━━ Supplied records

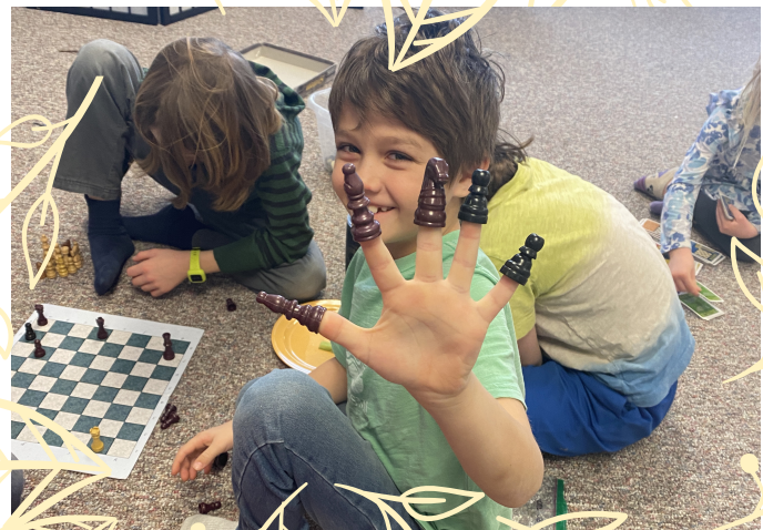
Good Shepherd Montessori Extended Day

Both of our school programs were back up and running this year, for the entire school year. And Camp Tannadoonah served a record 1208 campers this summer!
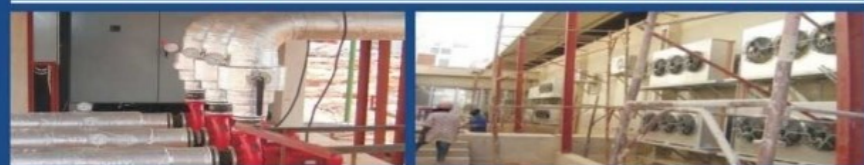
PRIMARY PUMP INSTALLATION AT NIGERIA JUDICIAL COUNCIL
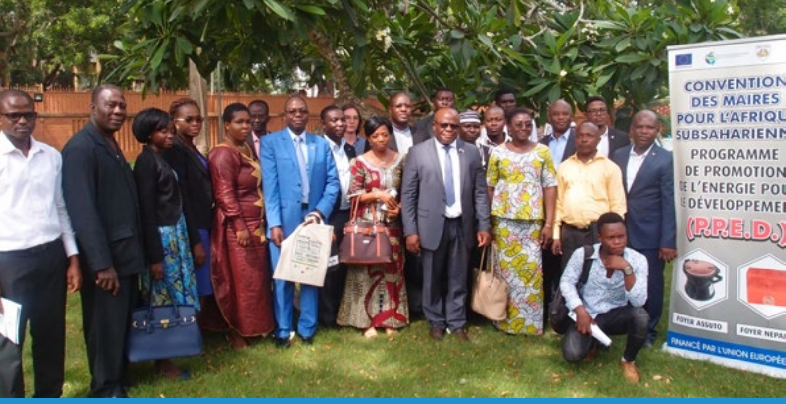
Participants at the Lomé Talanoa Dialogue in Togo
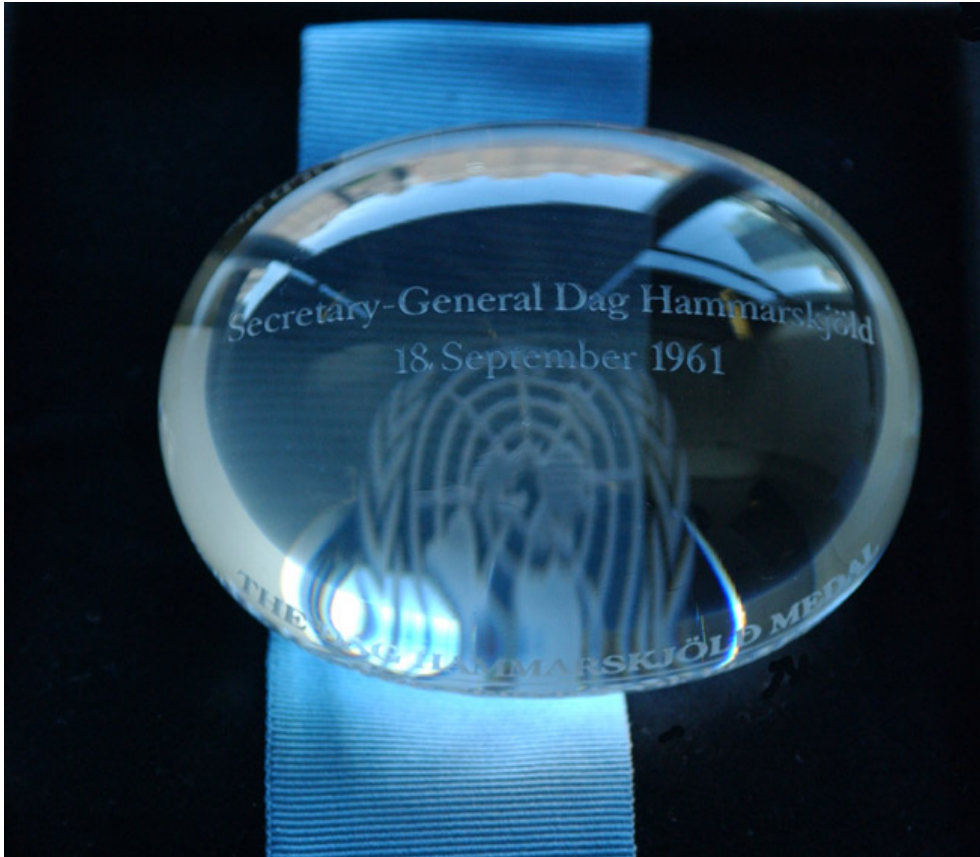
Dag Hammarskjöld Medal

━━━━

Problem: Output the records above exactly as they are, leaving out the pictures.

Solution:
Good Shepherd Montessori Extended Day

Both of our school programs were back up and running this year, for the entire school year. And Camp Tannadoonah served a record 1208 campers this summer!
PRIMARY PUMP INSTALLATION AT NIGERIA JUDICIAL COUNCIL
Participants at the Lomé Talanoa Dialogue in Togo
Dag Hammarskjöld Medal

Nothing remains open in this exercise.